Boxing Day bargain hunters at Commercial Bay in 2020. Photo / Brett Phibbs
OPINION: The past two years and most probably this year will be remembered as an important part of history.
The history will be of all the details and difficulties of the coronavirus and how we as a country and the world as a whole dealt with it.
It will be anunderstatement to say that, just like 2020, 2021 was a tough time for many. But with tough times come experiences that can positively shape us individually and as a country.
Just like 2020, 2021 has passed but with a big lesson that in a pandemic like this lockdowns work only as a delaying tactic.
A tactic that if used well can give us the time to come up with more practical and pragmatic responses.
A big saving grace for us these past couple of years has been technology.
Most of what we achieved during these lockdowns would have been unbelievably difficult if it happened 20 or so years ago.
As a country, we managed to push through and create some normality during our lives with multiple lockdown level changes and, at times, with no end to the lockdown in sight, especially for Auckland.
For many businesses, whether or not they were identified as essential, where possible they had no choice but to keep operating and working from home. This was the best way for them to work around the lockdown.
And many others had no choice but to tune in at 1pm or 4pm to see if they were even allowed to go back to work.
Even those who thought they could only work in an office setting or not at home managed to find balance and adapt.
On the one hand, being home with family was wonderful. It gave many a true sense of the importance of family and the high value of that time together.
But on the other side of the coin, the lockdown meant many were also unable to see family for months on end.
Aucklanders were locked away from the rest of the country and unable to see family outside of Auckland and vice versa for months. Relatives overseas were seemingly completely out of reach with no idea on travel, border and MIQ restrictions.
Not to mention the immense pain that many experienced who could not be beside their family members who were sick or passed away and could not be there in person when their family members were being given their final farewell, missing their only chance at seeing off their loved ones.
Among all this, one thing that many have been really grateful for is to have their jobs secure.
As many businesses struggled to make ends meet, and had no option but to rely on various business support schemes like resurgence help and wage subsidies, it was such that business financial instability also fell on some employees.

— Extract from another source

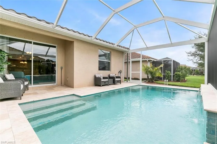Located in the highly coveted Reflection Lakes community, this stunning lakefront 3-bed, 2-bath villa perfectly blends style and functionality. Step inside to discover an open floor plan, highlighted by elegant crown molding and neutral tile flooring—a perfect blank slate ready for your personal touch. The highlight of this home is the spacious screened lanai, complete with a private pool installed in 2022, offering the perfect backdrop for outdoor relaxation or entertaining. Move right in as this home comes fully furnished with new, modern furniture, allowing you to embrace the relaxed Florida lifestyle from the moment you arrive. The chef-inspired kitchen is equipped with stainless steel appliances, granite countertops, a pantry, and an island—ideal for hosting family and friends. One of the guest bedrooms features a versatile Murphy bed system that seamlessly transforms into a desk, optimizing both space and functionality. Reflection Lakes boasts resort-style amenities including a sparkling pool and spa, a clubhouse, low HOA fees, and no CDD fees. But that’s not all! Its prime location puts you just minutes from pristine Gulf beaches, downtown Naples, and the iconic Naples Pier. Don't miss this rare opportunity to enjoy the best of the Florida lifestyle. Schedule your showing today and make this lakefront villa your new home!

Especially for those businesses or individuals who had the wage subsidy as the only way for them to gain a bit of financial stability during these very unpredictable times.

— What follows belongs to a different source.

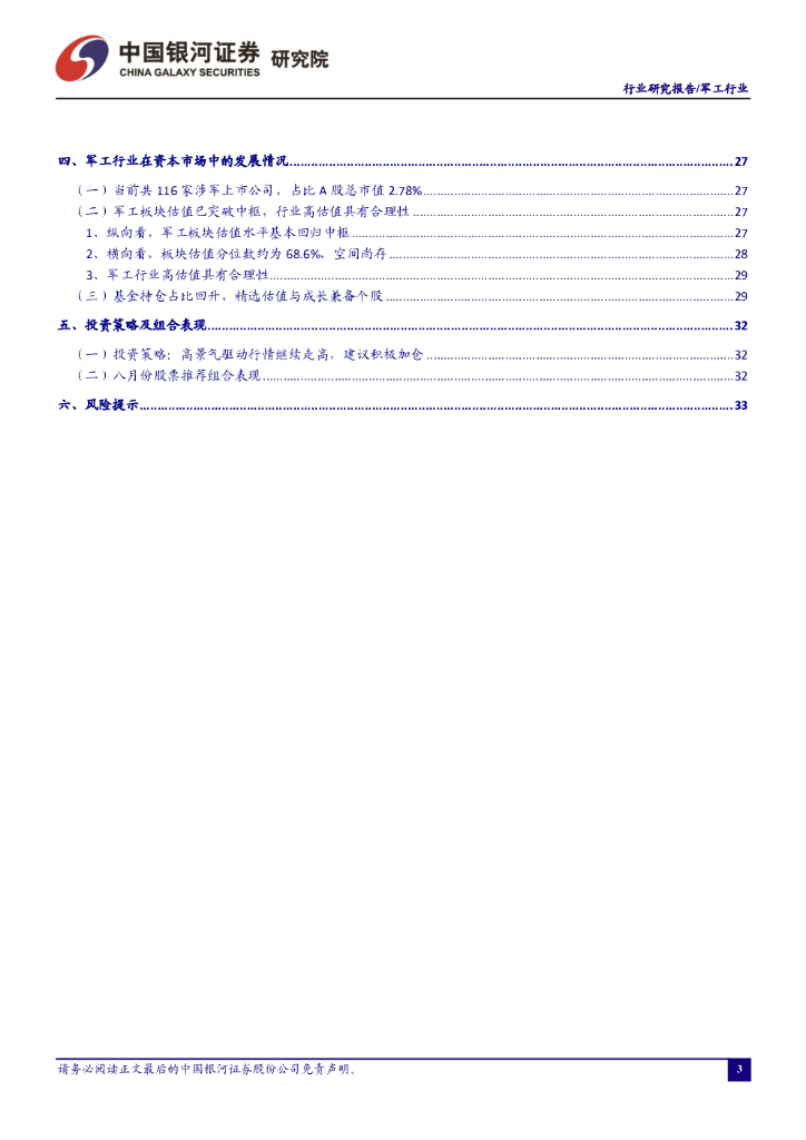 中国银河:军工行业动态报告:中报业绩验证行业景气度高企,估值切换将推动板块持续走高.pdf

All of a sudden to have earnings shrunk to the wage subsidy amount must have been quite a hit to the pockets.
And it will not come as a surprise that it has been the low-income individuals or families who had jobs that couldn't be done from home, relying just on the wage subsidy, that were the groups that suffered the most.
You have to take into account that the wage subsidy did not reach the total of 40 hours weekly work on minimum wage. Now imagine that drop in pay while still paying off money borrowed to buy a home, car or starting a business.

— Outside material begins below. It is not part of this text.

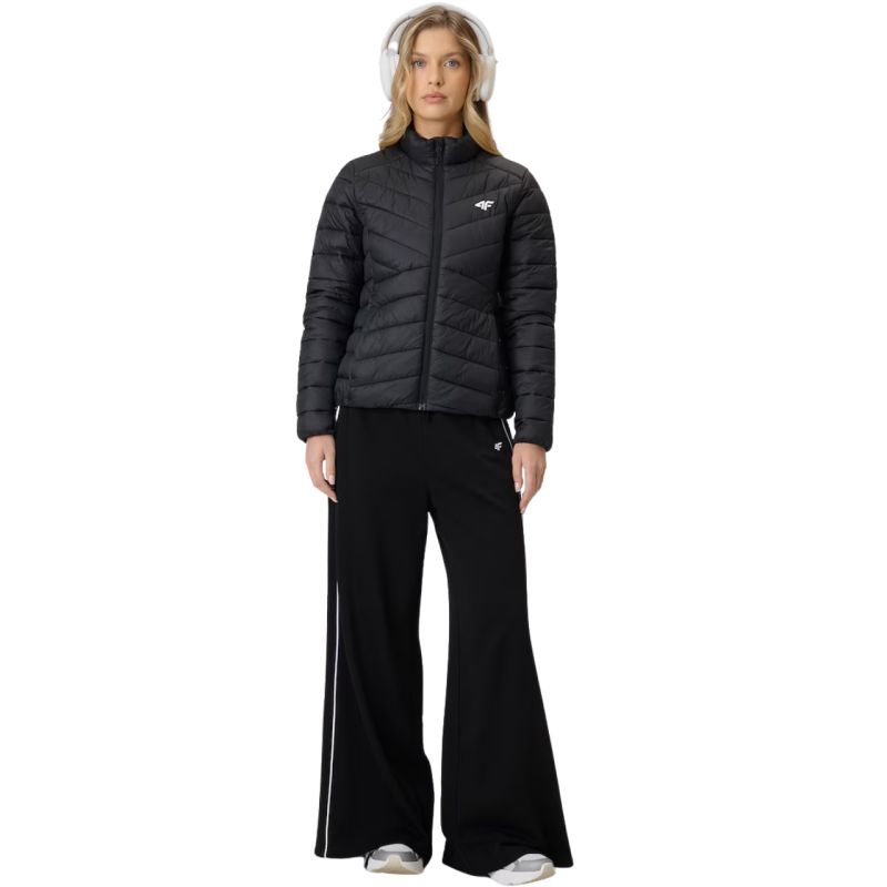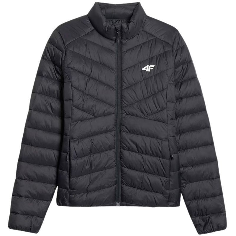 4F Women's Jacket F0855 Deep Black 4FWSS26TDJAF0855 20S A lightweight women's jacket for cold days, featuring synthetic fill that provides warmth and manages moisture. A water-repellent coating reduces moisture absorption in light rain, while the quilted construction promotes even warmth. A stand-up collar protects against wind, and the slim fit ensures comfort. Elastic cuffs and hem help retain warmth, while zip pockets add everyday functionality. Technical data: Main material: 100% polyester Lining: 100% polyester Filling: 100% polyester Synthetic down - provides warmth and lightness, remaining easy to care for even after contact Hydrophobic impregnation - the outer material limits water absorption, supports protection against light rain Quilted construction - evenly distributes insulation and gives the jacket a dynamic, sporty look Stand-up collar - protects against gusts of wind and cold Tailored cut - emphasizes the feminine silhouette, ensuring comfort of wearing 2 zip pockets - safe storage of small items during everyday activities Elastic cuffs and hem - better fit and protection against cold and wind

The principal and interest payment holiday for a short while for people with mortgages might have brought some temporary relief for some but now for those who have floating or fixed-term interest rates coming to an end, the increased interest rate is waiting to bite them.
Having a debt is not a problem; it is only when it becomes a "problem debt" that it is a problem.
We are living through a time that will become a major part of history that will be talked about forever just like the 1918 influenza pandemic.
Hopefully what follows will not be talked about like the great depression of the 1920s and 1930s.
- Former National MP and former Families Commissioner, Dr Parmjeet Parmar has PhD in biological sciences from the University of Auckland.